Machine studying and Big Data

There are essentially two kinds of machine learning – supervised learning and unsupervised learning. Supervised learning identifies information with tags, examples of which are displayed below:

Let us presume that we must forecast whether it rains in the day, using wind and temperature information. Whether it rains or not will be saved in the column in the day, which becomes the tag.

The algorithms which learn from these data are known as supervised learning algorithms. Though some information can be extracted/generated mechanically, such as in a system log, frequently it might need to be tagged manually, which might raise the price of information acquisition.

We could even classify machine learning algorithms utilizing another logic — regression calculations and classification algorithms.
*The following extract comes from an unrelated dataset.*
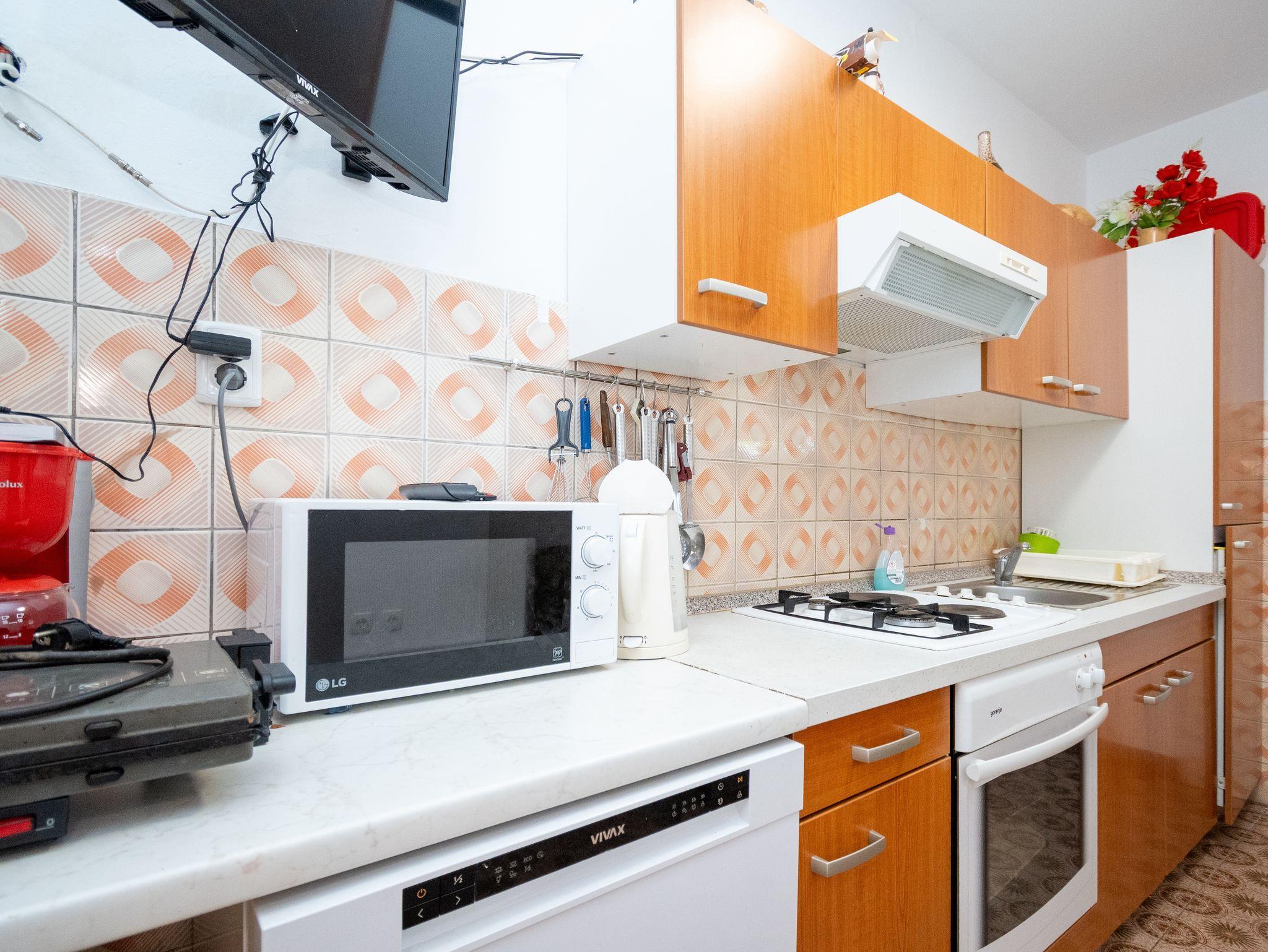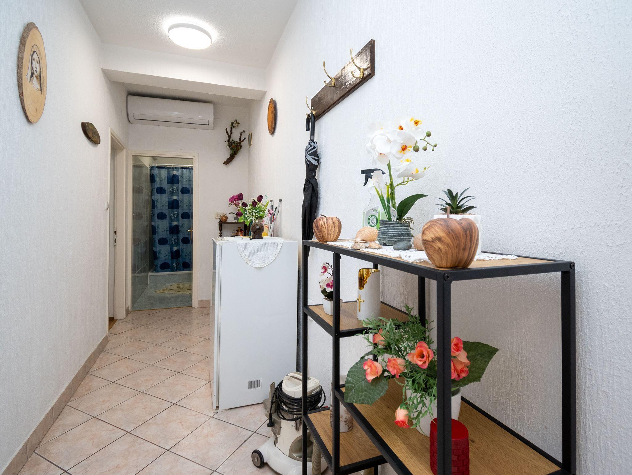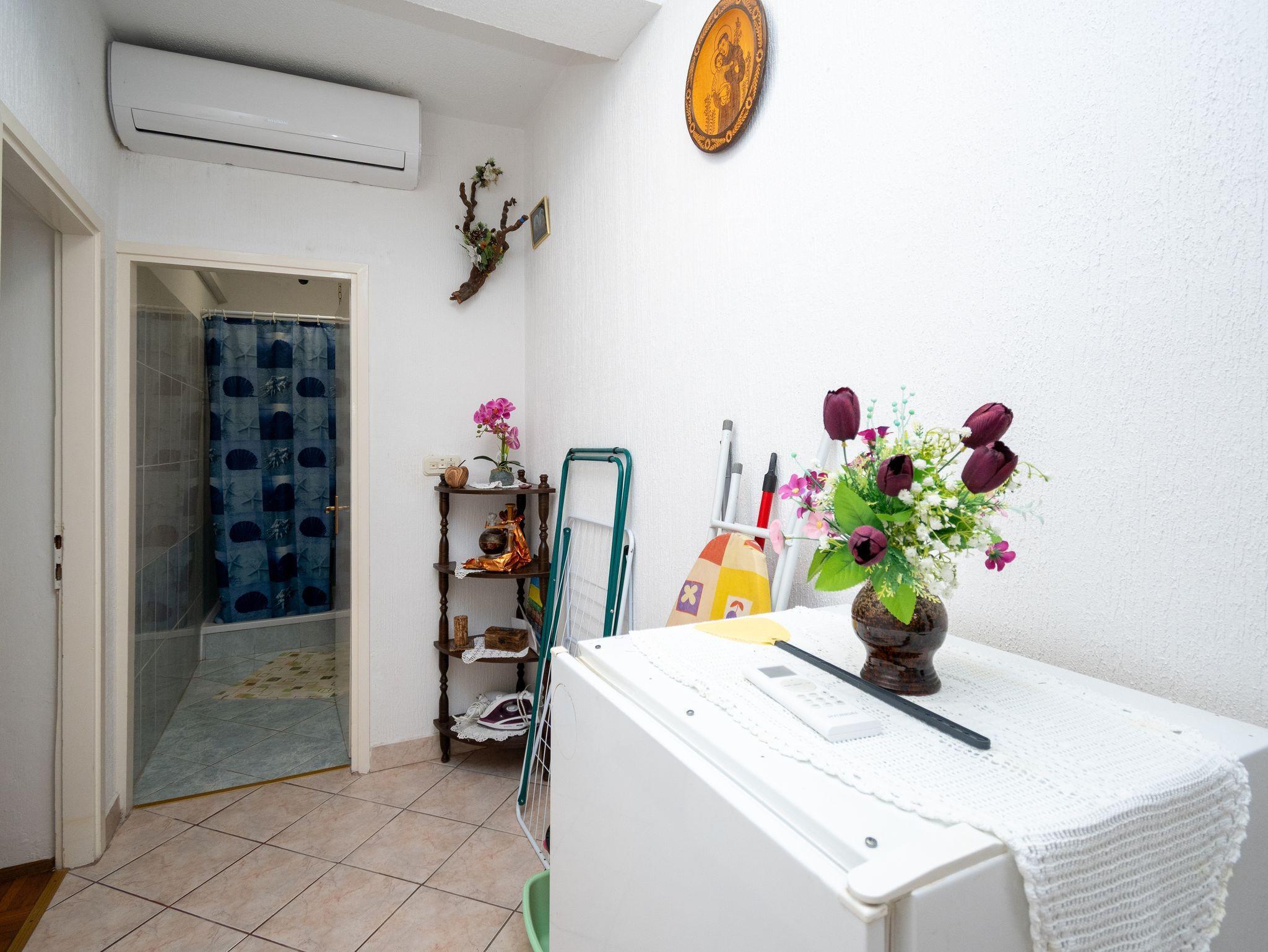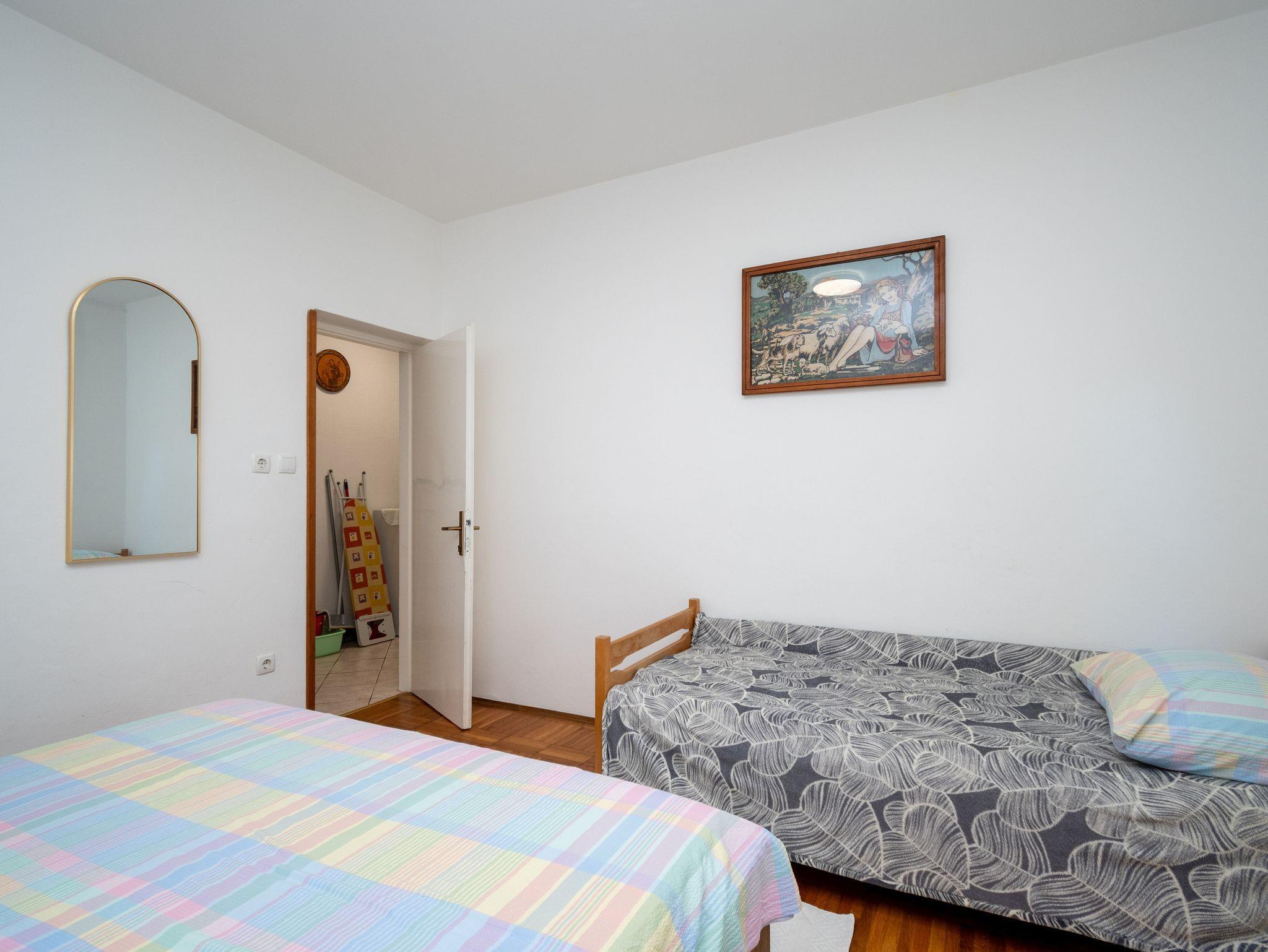 Ferienwohnung bietet Platz für 5 Gäste. Die Betten sind in Schlafzimmern, die es 2 gibt, innerhalb einer Gesamtfläche von 47m2, angeordnet. Die Gäste haben eine eigene Terrasse zur Verfügung, auf der sie in warmen Sommernächten genießen können. Das Apartment bietet Meerblick. Für vollen Genuss und Entspannung gibt es einen privaten Grill für Gäste dieser Unterkunft. In der Unterkunftseinheit besteht die Möglichkeit des Mitbringens von Haustieren gegen Aufpreis. IM PREIS INBEGRIFFEN: Kurtaxe, Endreinigung, Klimatisierung, Parkplatz, Internet, Bootsanlegeplatz, Kinderbett, Bügeleisen, Bügelbrett, Föhn. VERBINDLICHE ZUSÄTZLICHE KOSTEN: Aufzahlung für Kurzaufenthalte (prozentualer Zuschlag pro Nächtigungsanzahl: 30% - 1, 20% - 2, 10% - 3). UNVERBINDLICHE ZUSÄTZLICHE KOSTEN: Haustiere (5,00 € pro Nacht), Zusatzbett (10,00 € pro Nacht). Die Verfügbarkeit zusätzlicher Dienstleistungen in Ihrem reservierten Termin und die Preise derselben (falls nicht aufgeführt) müssen im Voraus überprüft werden. Zusätzliche Dienstleistungen die in der Zahlungsaufforderung nicht aufgeführt sind werden direkt beim Vermieter bezahlt, angenommen der Gast nutzt auch diese.

Regression calculations are machine learning algorithms which in fact forecast amount’ — such as the subsequent day’s temperature, the stock market’s closing indicator, etc.. Classification algorithms are the ones which could classify an input signal, such as if it is going to rain or notify the stock exchange will shut negative or positive; if it’s disease x, illness y, or disorder, etc.

Also read:

Top 10 Best Artificial Intelligence Software

It is important to comprehend and love that machine learning algorithms are essentially mathematical calculations and we can execute them in almost any language we enjoy. However, the one I like and use a great deal is the R language. There are lots of popular machine learning modules or modules in various languages. Weka is strong machine learning applications written in Java and is extremely common. Scikit-learn is a favorite among Python programmers. An individual may also choose the Orange machine learning toolbox accessible in Python. While Weka is so strong, it’s some permit issues for industrial usage. Though growth seems to have ceased, it’s an adequate library worth attempting and with sufficient documentation/tutorials to begin easily. I’d recommend people with innovative should learn more about the profound learning algorithms.

Update the detailed information about Clustering Machine Learning Algorithm Using K Means on the website. We hope the article's content will meet your needs, and we will regularly update the information to provide you with the fastest and most accurate information. Have a great day!